Perhaps the difference comes in the segue of tracks, the seamless flow into each. Maybe it just sounds like a manlier and heavier C&C. Who knows? But is it unique? Hell yeah. It's a unique take on alt metal. Many of the songs on this particular disc begin with that same guitar subtly, and it's really only to about halfway into the track that you get a really good whiff of anger and rage. However, don't go into this disc thinking you'll find the one big hit, their most popular song, because (trust me), you won't find it.

When I first gave this disc a chance, I couldn't find one song that stood out to me, which is why it's nigh impossible to review track-by-track.
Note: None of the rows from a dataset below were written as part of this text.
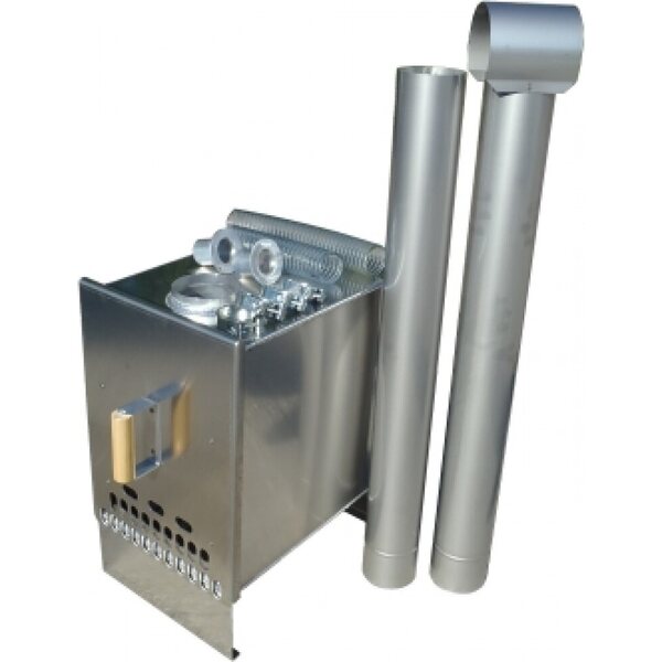 Setti sisältää: kamiina, piippu (2000 mm), läpiviennit (50 mm), letkut, klemmarit
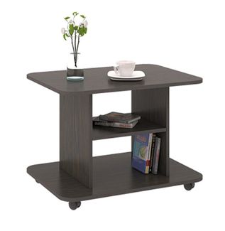 Столешница столика имеет закругленные края. По середине конструкции располагается полочка для разных мелочей. </br>Столик оборудован колесиками для легкого перемещения его по комнате.<br>
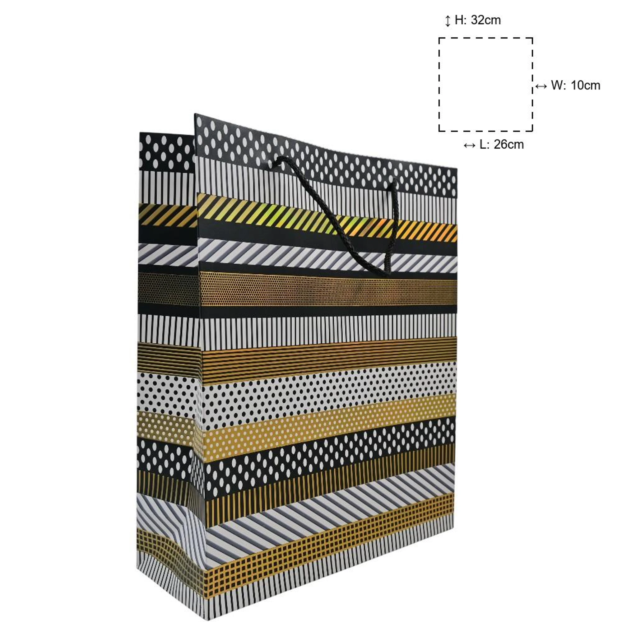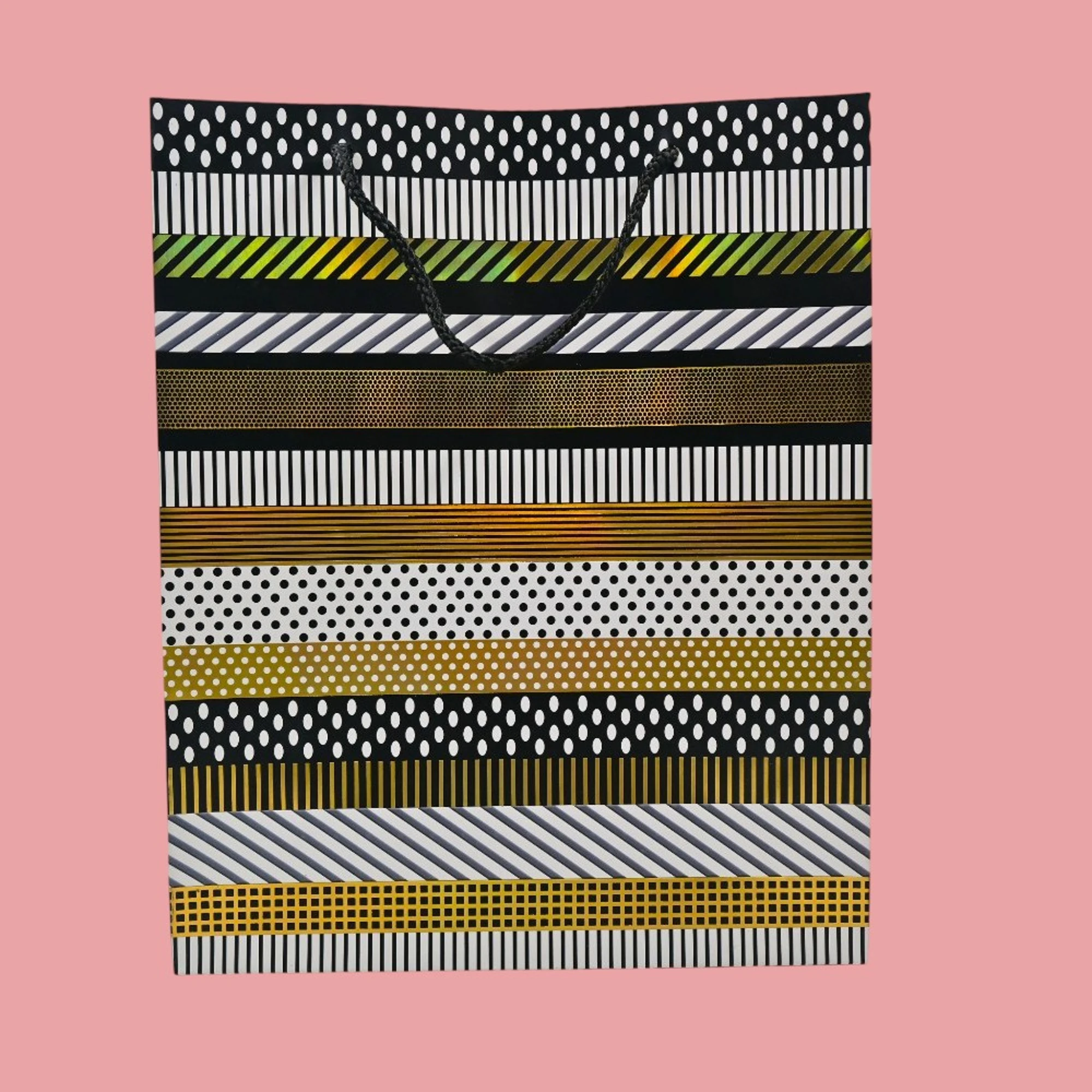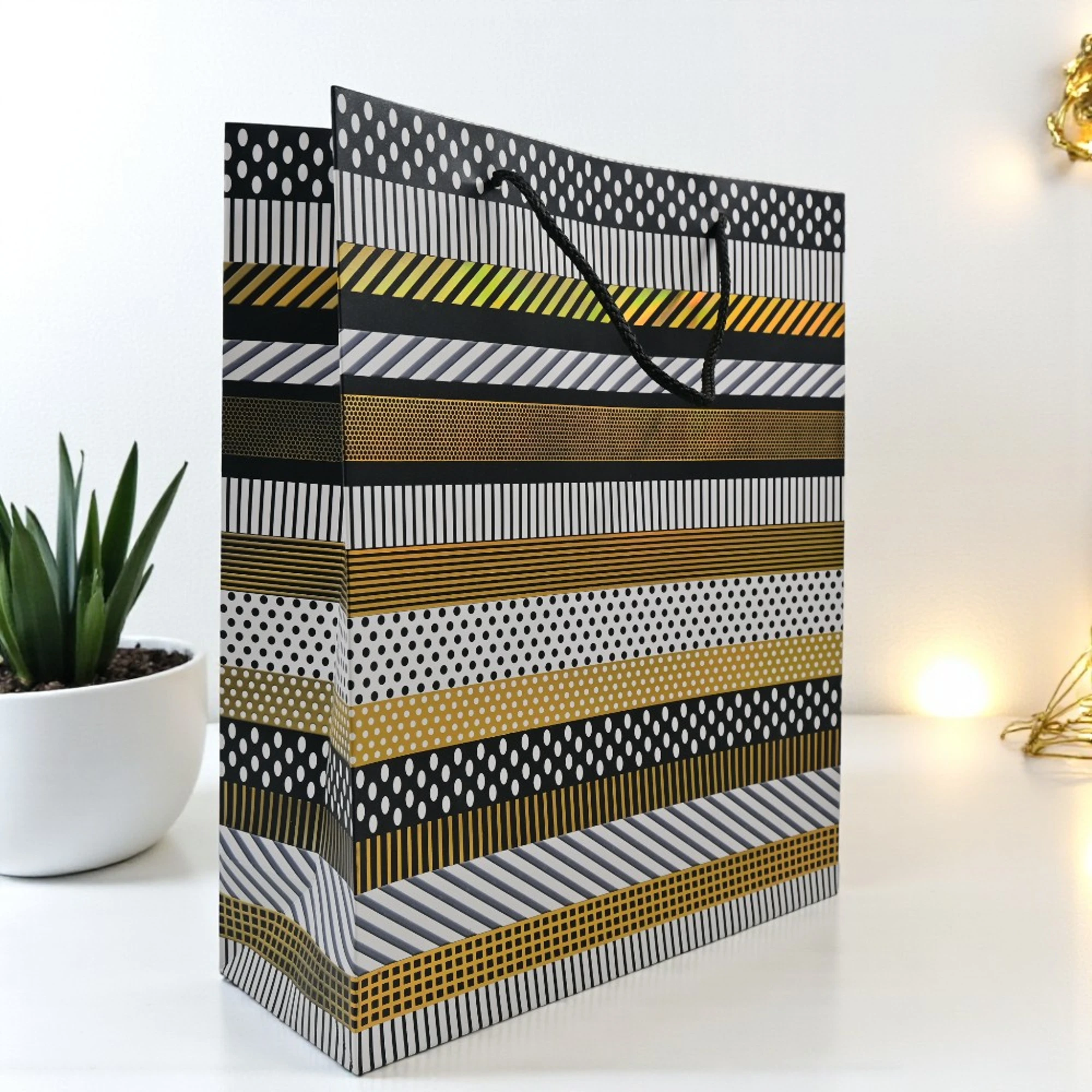 Perfect for parties, gifts, or retail, these Elegant Gold & Black Paper Bags add a touch of sophistication to any event. Each bag features stylish horizontal lines in a chic combination of gold and black, making them a versatile choice for various occasions.
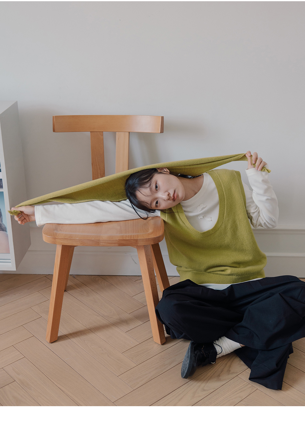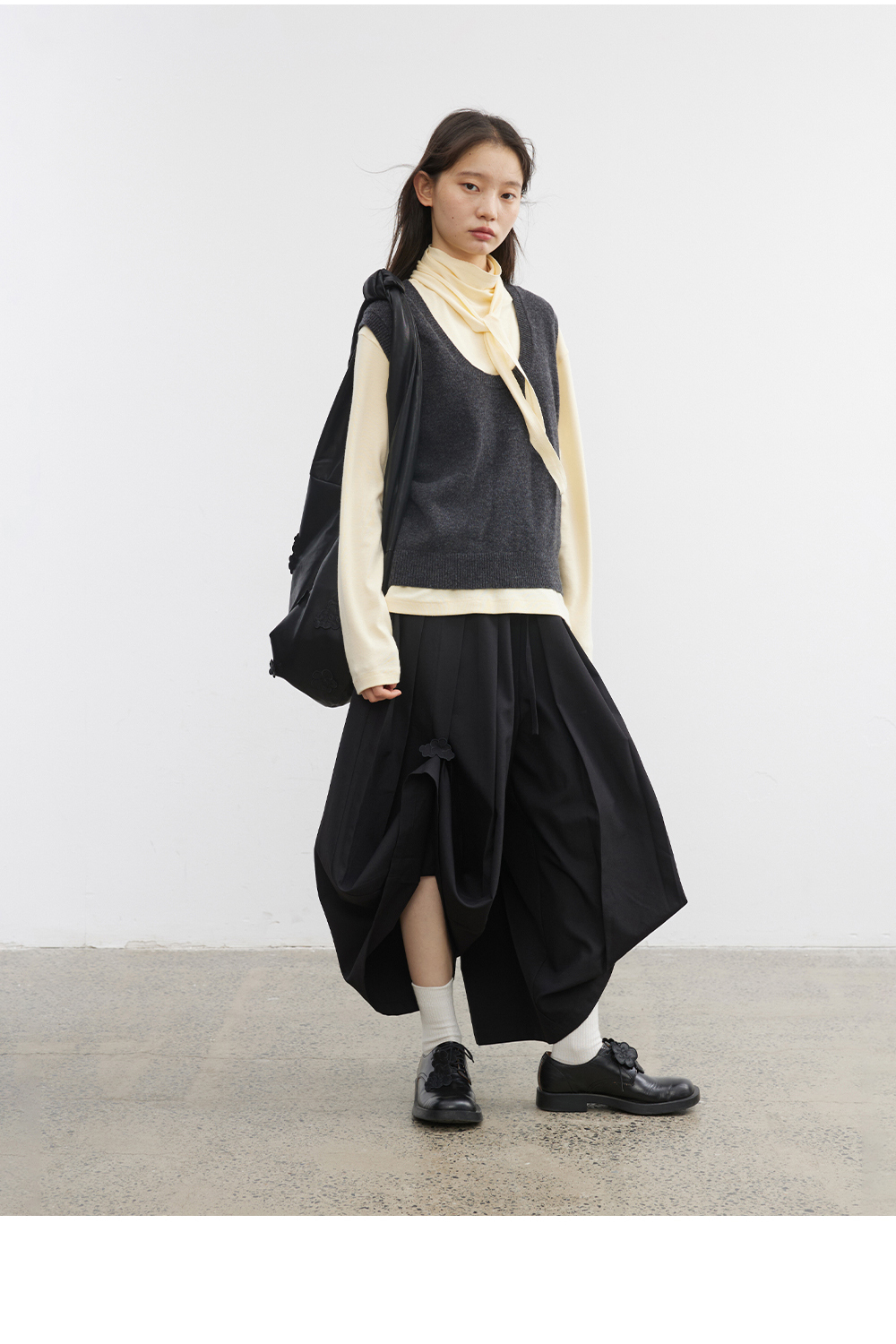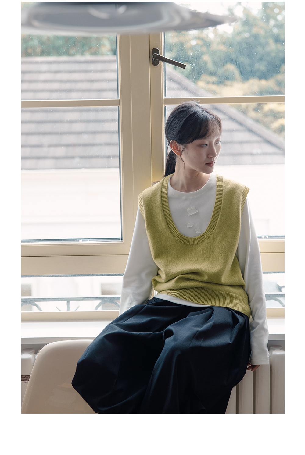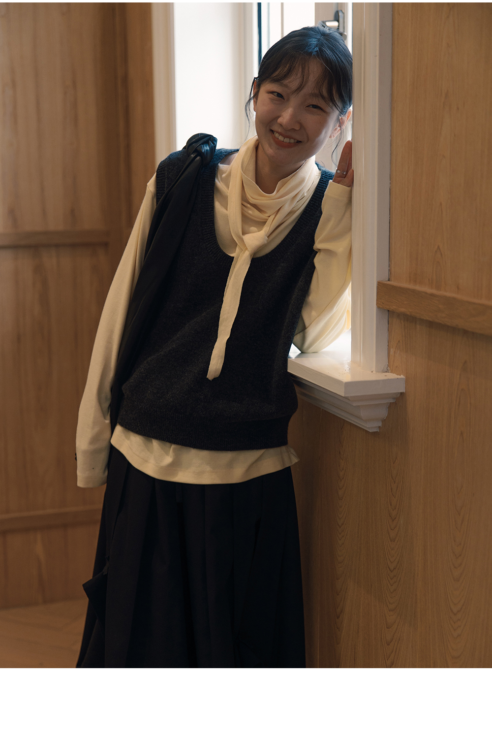步履不停/5C13290C/u型领无袖针织背心配三角巾
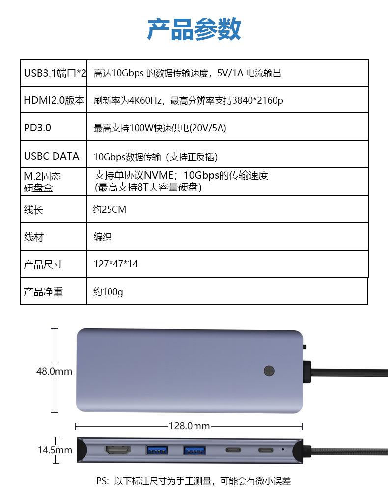 Usb3.2gen*2 10g+typec 10g+hdmi+pd+m.2 hard drive box
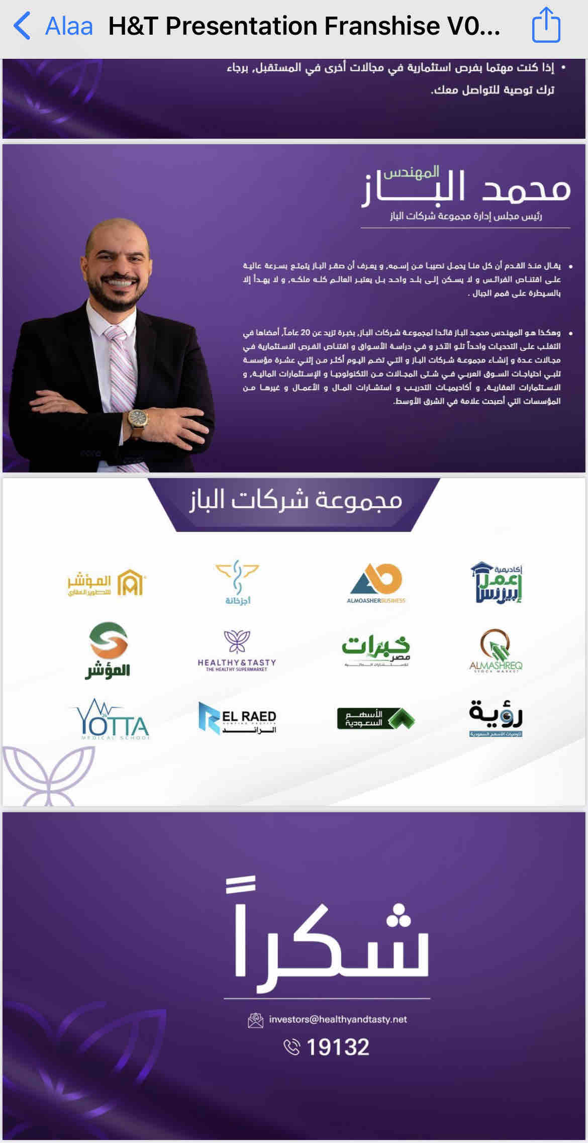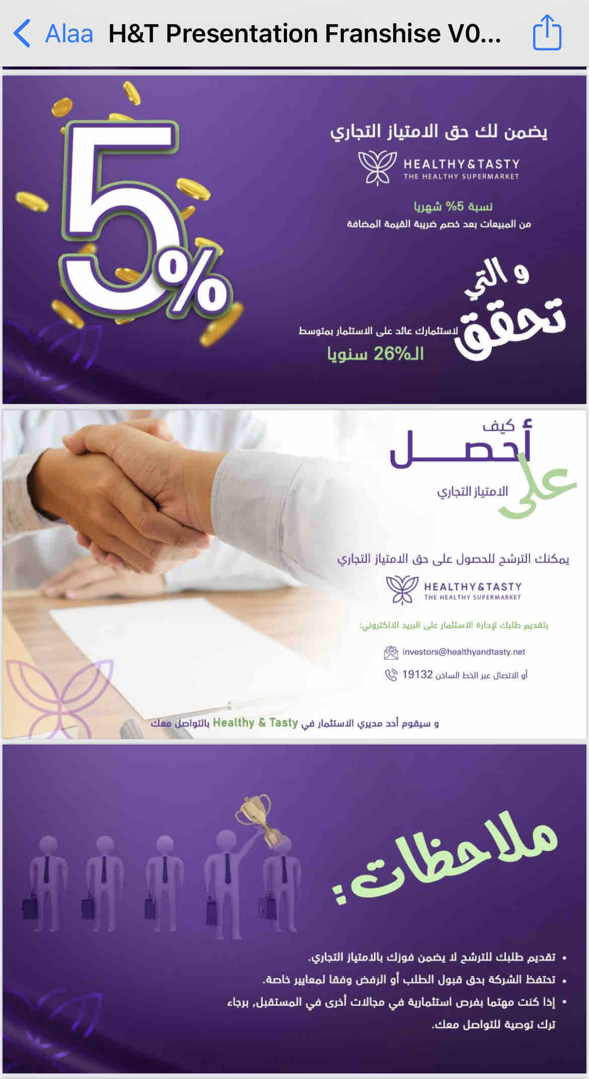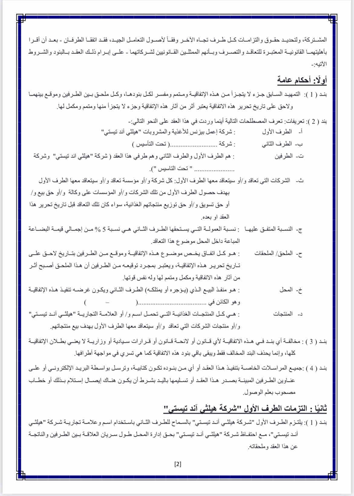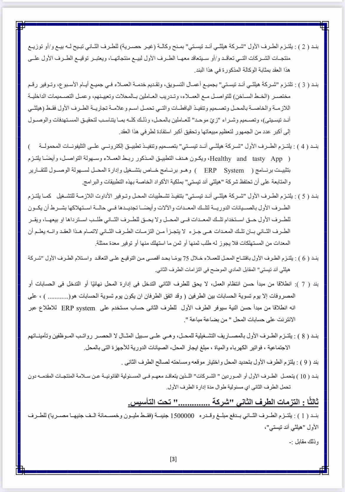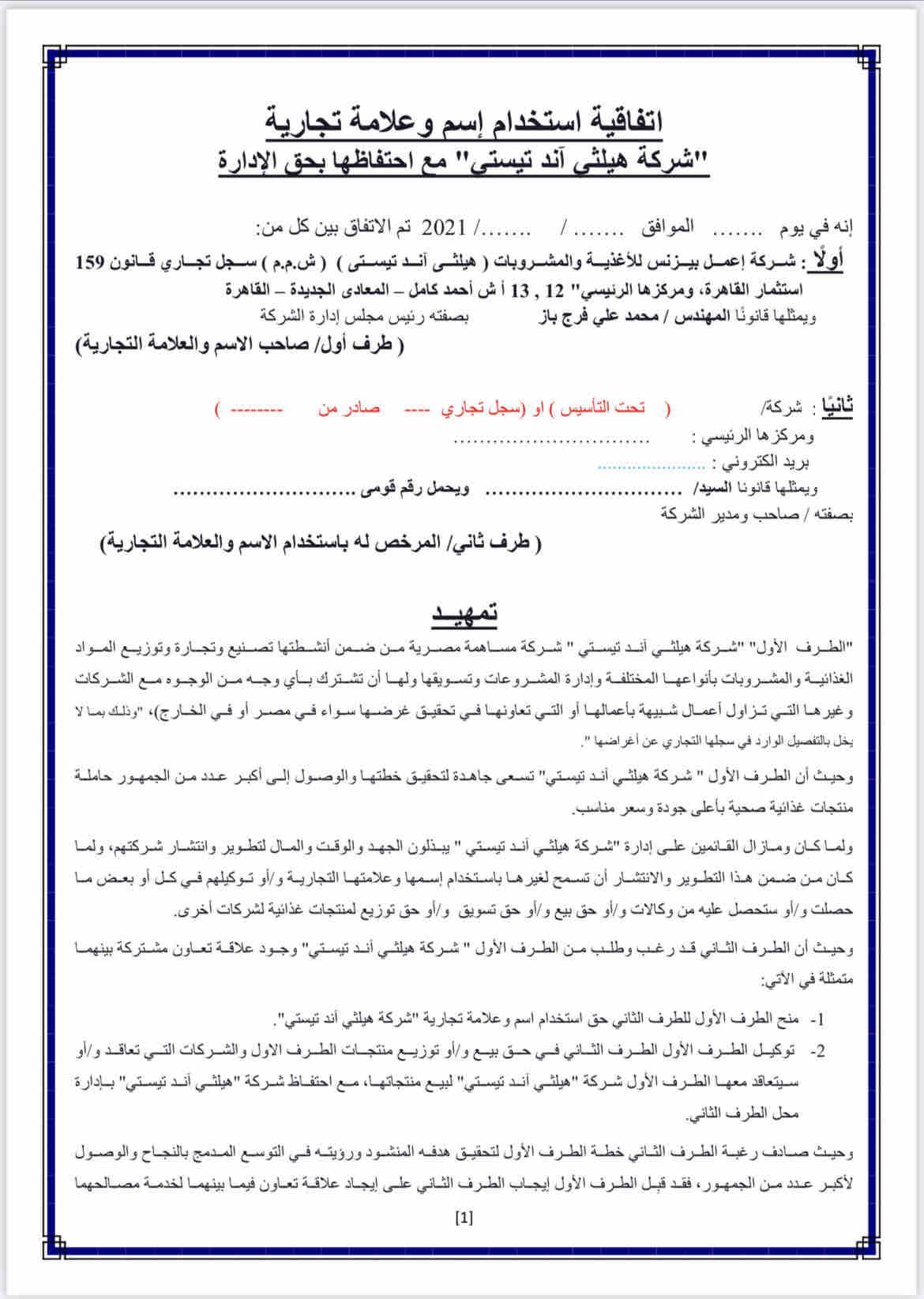 معروض عليا شراكة فى سلسلة محلات تجارية لبيع المنتجات الغذائية الصحية هيلثى اند تيستى عن طريق نظام الفرنشايز و محتاج محامى يراجع العقد و السجل التجارى للشركة

However, I decided (the next time I looked at the album) to listen to the entire album all the way through, and upon the disc's conclusion it made more sense. Although not every track segues into each other, it just sound better together. The more progressive, conceptual bands do it well. While many symphonic prog groups lay it all out in twenty minute leviathans, the newer wave of prog-tinged outfits prefer to lay it out through the entire album, such as Rishloo, The Mars Volta and Between The Buried And Me (hell, "Colors" was an hour long song divided into 8 or so tracks).

It sounds like a weird combination at first, and indeed, at second glance, it really is. I thought this would be a crappy record, I really did. Only did I realize the message of this album did I have a change of heart. Don't dig into this thinking you'll find some catchy fist- puncher to head-bang with your friends down at the bar; you ain't gonna find it here. Don't judge a book by it's cover; this is truly a heavy prog lover's disc right here.